Goehring, 209 Ill. 142, 166 (1904) (deference to a county board’s decision). Because the quo
warranto proceeding determined that the building of the Annex was within the PBC’s purpose of
building a good and sufficient jail, the Board’s legislative finding that the demolition of the
44
“decrepit[ ] courthouse is necessary for the maintenance and security of the Justice Center Annex
project” (a finding that is entitled to deference) establishes that the demolition of the courthouse
is within the PBC’s existing purpose.
¶ 90 We consider the Henry County circuit court’s quo warranto judgment to be indefensible,
and if that judgment had been appealed, we would have reversed it. As a matter of simple logic,
we find it difficult to understand how the purpose of building a jail includes the purpose of
building a courthouse (which is what the Annex essentially is). Moreover, the circuit court of
Henry County expressly found that the building of the Annex “enhanced” the PBC’s existing
purpose of building a jail. By definition, that means that the building of the Annex was not
already included in the PBC’s existing purpose. See Merriam-Webster Online Dictionary,
www.merriam-webster.com/dictionary/enhance (last visited July 10, 2020)
[https://perma.cc/EX6Q-X5AX] (defining “enhance” as “heighten, increase”). We find the
circuit court’s expansion of the PBC’s purpose to include the building of a new courthouse
particularly inappropriate here because (1) the Board had already acknowledged that the PBC
lacked the authority to build a new courthouse under its initial purpose of providing a good and
sufficient jail for Rock Island County and (2) the Board therefore put the matter to the voters via
referendum (in order to follow the requirements of the Commission Act) and the voters
overwhelmingly rejected the proposal to expand the PBC’s purpose to build a courthouse.
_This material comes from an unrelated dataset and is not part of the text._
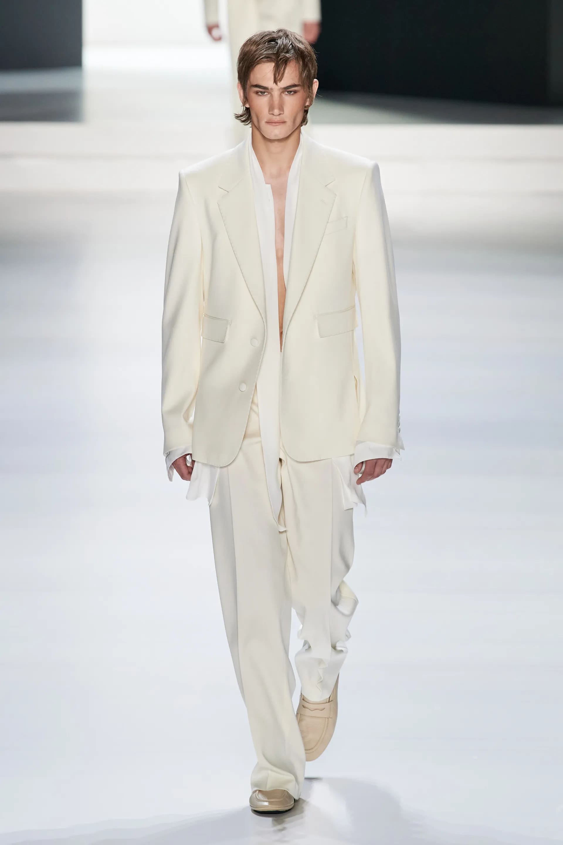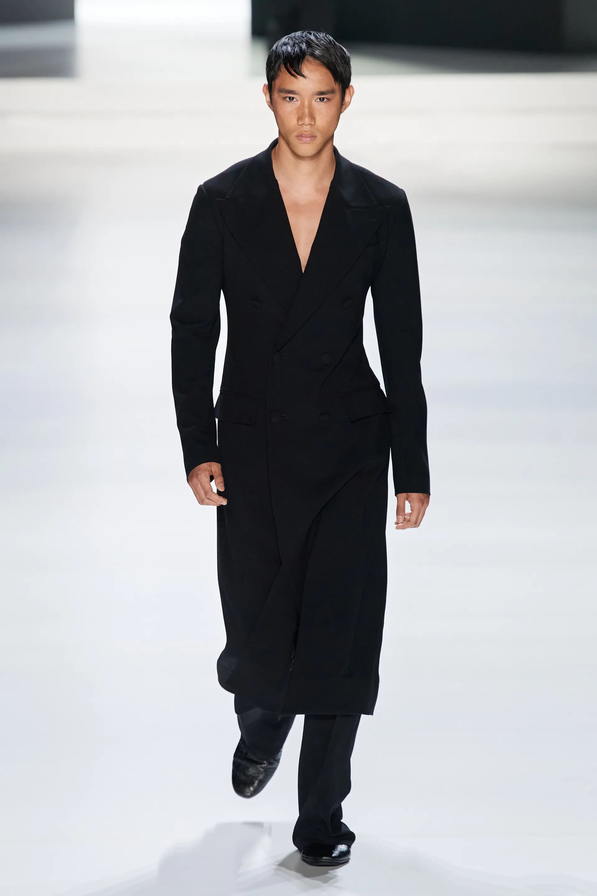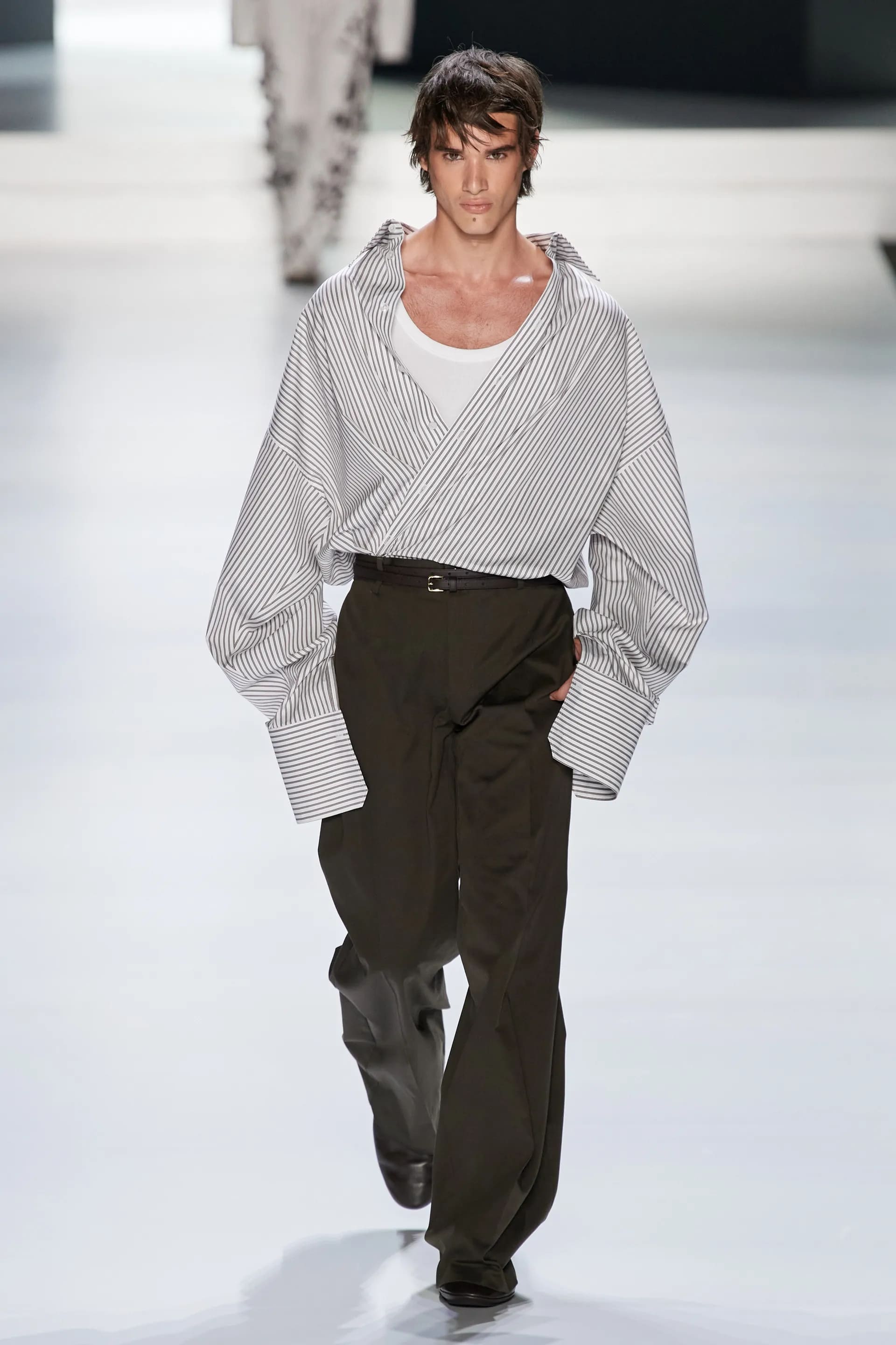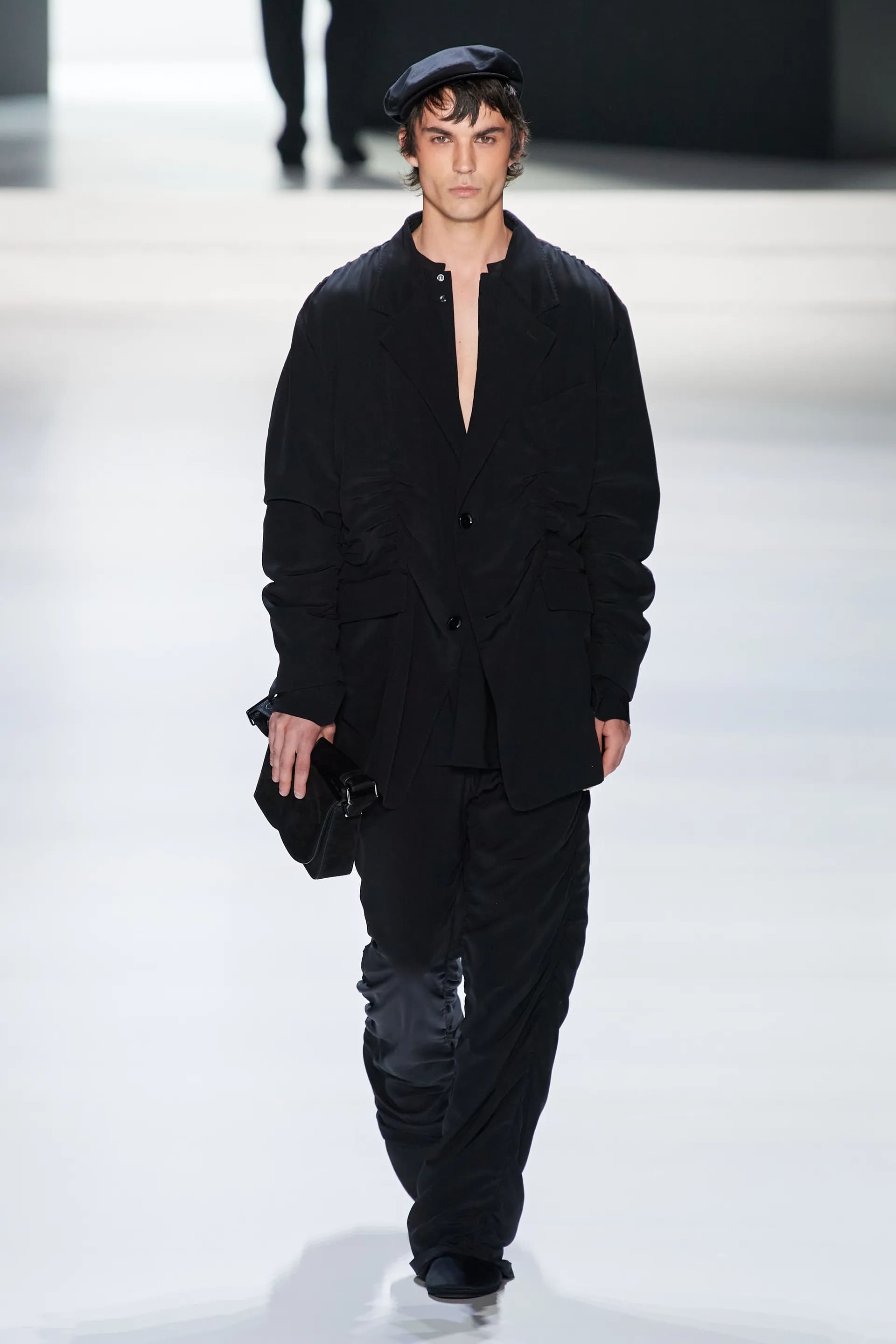 Під центральний саундтрек Anyma — The Answer на подіумі з’явилися ансамблі, які підкреслюють чоловічий силует структурованими об’ємами та техніками багатошаровості. Особливим акцентом стають квіти у формі вишивки, прикрас на лацканах піджаків або комірцях сорочок.

However, because the quo warranto judgment was never appealed, and because of the Board’s
subsequent legislative findings, we are constrained to affirm the dismissal of count III. Emmett-
Chalmers Fire Protection District, 58 Ill. App. 3d at 904; People ex rel. Lewis, 254 Ill. at 541-
42.
45
¶ 91 In addition, we note that the Board also made a legislative finding that the demolition of
the courthouse was necessary for the maintenance and security of the “Justice Center” itself,
which includes the jail building and some courthouses and other judicial facilities inside that
building. Maintaining the jail building and keeping it safe and secure would fall within the
PBC’s initial purpose of providing a good and sufficient jail, even without the highly
questionable 2015 quo warranto judgment. Moreover, maintaining and securing the Justice
Center (which was built to effectuate the purposes of the Commission Act), as well as
demolishing other buildings within the expanded “area” of the Justice Center, falls within the
PBC’s statutory authority under the Commission Act. 50 ILCS 20/14(c) (West 2016).
Accordingly, under the circumstances presented in this case, the plaintiffs can prove no set of
facts that would entitle them to relief on count III of their complaint. Dismissal of that count was
therefore proper.
¶ 92 CONCLUSION
¶ 93 For the reasons set forth above, we affirm the judgment of the circuit court of Rock
Island County dismissing the plaintiffs’ claims under the Commission Act (counts II and III). We
reverse the trial court’s dismissal of the plaintiffs’ claim under the Preservation Act (count I) and
remand for further proceedings on that claim. We direct the trial court on remand to enter a TRO
barring the demolition of the courthouse until the consultation process required by the
Preservation Act has been completed.
¶ 94 Affirmed in part and reversed in part; cause remanded.